CROWD (singing): -- Star Spangled Banner --

MOOS: The pledge was led form a pole.

CROWD: One nation, under God --

MOOS: Indivisible, with liberty and wrestling for all, where champ John Cena announced bin Laden's death ringside.

JOHN CENA, PROFESSIONAL WRESTLER: But I feel damn proud to be an American.


MOOS: It was the same exact date, May 1st, that Germany announced Hitler was dead back in 1945, but back then, there were no bloody Taiwanese animations.

MOOS (on camera): The death of Osama bin Laden brought back to life a certain unintentional faux pas, saying "Obama" when you mean "Osama" or vice-versa.
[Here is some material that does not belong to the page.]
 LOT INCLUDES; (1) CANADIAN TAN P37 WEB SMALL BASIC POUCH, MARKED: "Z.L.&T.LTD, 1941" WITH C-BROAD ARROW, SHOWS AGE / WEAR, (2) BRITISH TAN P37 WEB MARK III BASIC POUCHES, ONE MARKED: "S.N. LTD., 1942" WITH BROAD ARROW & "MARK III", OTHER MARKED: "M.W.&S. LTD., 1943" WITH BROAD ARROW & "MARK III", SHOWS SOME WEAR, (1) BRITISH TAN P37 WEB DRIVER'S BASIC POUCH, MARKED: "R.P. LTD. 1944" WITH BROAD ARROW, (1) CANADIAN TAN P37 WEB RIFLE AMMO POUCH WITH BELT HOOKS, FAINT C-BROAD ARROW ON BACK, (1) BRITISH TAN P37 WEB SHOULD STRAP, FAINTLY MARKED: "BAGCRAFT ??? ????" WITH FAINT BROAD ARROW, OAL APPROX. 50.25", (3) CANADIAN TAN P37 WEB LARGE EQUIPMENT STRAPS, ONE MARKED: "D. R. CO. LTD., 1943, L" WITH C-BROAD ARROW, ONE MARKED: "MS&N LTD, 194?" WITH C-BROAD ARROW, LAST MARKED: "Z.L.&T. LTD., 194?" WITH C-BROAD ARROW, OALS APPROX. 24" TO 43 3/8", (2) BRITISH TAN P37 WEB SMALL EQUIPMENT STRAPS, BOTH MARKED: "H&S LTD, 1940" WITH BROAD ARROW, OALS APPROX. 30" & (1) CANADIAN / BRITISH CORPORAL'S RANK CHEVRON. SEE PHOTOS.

REGIS PHILBIN, HOST, "LIVE WITH REGIS & KELLY": Obama finally caught --

MOOS (voice-over): NBC's Norah O'Donnell tweeted "Obama shot and killed." Ditto at a local station in Washington, DC.
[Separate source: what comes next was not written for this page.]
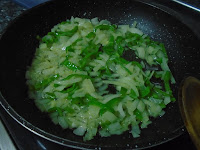 - En una sartén con aceite de oliva pochar muy despacito la cebolla, hasta que este tierna
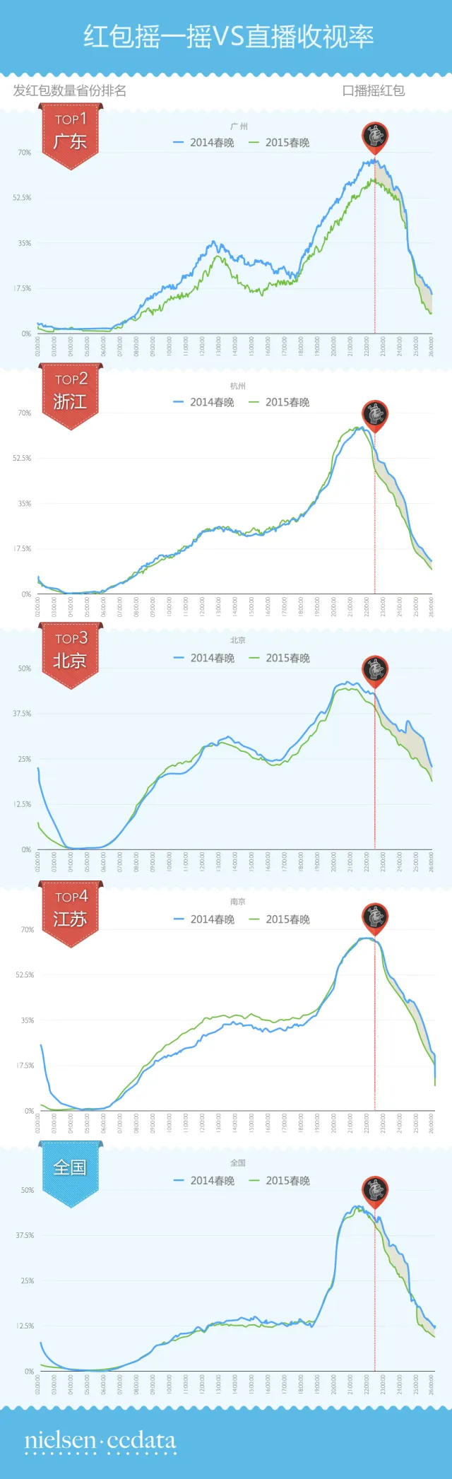 对于传统媒体亦是如此,在与新媒体融合碰撞过程中,对于电视台优质的节目内容是沉淀和挽留用户的关键,未来传统媒体和新兴媒体必然是你中有我我中有你,只要内容出色在什么平台上观看只是方式问题,用户的选择是多元和迁移的,并不会因为喜欢米饭而完全不吃菜。真正值得电视台注意的是成功的事件营销后有没有留住用户,当我们将今年红包发放量排名前四的省份和城市与对应有代表性的城市直播收视率对比后,发现一个不太乐观的现象,羊年春晚22:20以前的总是收视曲线与往年非常一致,但在22:30左右摇红包之后,无论参照城市还是全国网收视曲线,相比去年同一时刻出现惊人一致的显著下滑,前面我们也提到,这个时间点其实是对直播观众流入是有明显提振的,但随后如何抓住这些观众尤其年轻的观众值得电视台深思。

WILL THOMAS, WTTG FOX 5 ANCHOR: President Obama is, in fact, dead. It was a US-led strategic --


THOMAS: I'm sorry, Osama bin Laden.

MOOS: Rush Limbaugh almost did it.

RUSH LIMBAUGH, HOST, "THE RUSH LIMBAUGH SHOW": Obama -- sorry, Osama is dead.

MOOS (on camera): And talk about a poker face. Watch President Obama react to an Osama bin Laden joke.

MOOS (voice-over): This was Saturday night at the White House Correspondents' Dinner after the president had already authorized the raid on bin Laden's compound.

SETH MEYERS, COMEDIAN: People think bin Laden is hiding in the Hindu Kush, but did you know that every day from 4:00 to 5:00 he hosts a show on CSPAN?

MOOS: Watch the president's broad smile. Raid? What raid? And when the raid was announced, guess whose show got interrupted?


MOOS: The shots fired in Afghanistan knocked Trump off the air.


MOOS: Inspired cartoonist Gary McCoy to draw Trump saying "I want to see the death certificate."

Ding dong, bin Laden dead.

MUNCHKINS, "THE WIZARD OF OZ" (singing): Ding dong, the witch is dead!

MOOS: Jeanne Moos, CNN, New York.

MUNCHKINS: Ding dong, the wicked witch is dead! Wake up you sleepy head, rub your eyes, get out of bed --


ANDERSON: And that is your world connected this evening here on CNN. I'm Becky Anderson. The world news headlines and "BackStory" will follow this short break. Don't go away.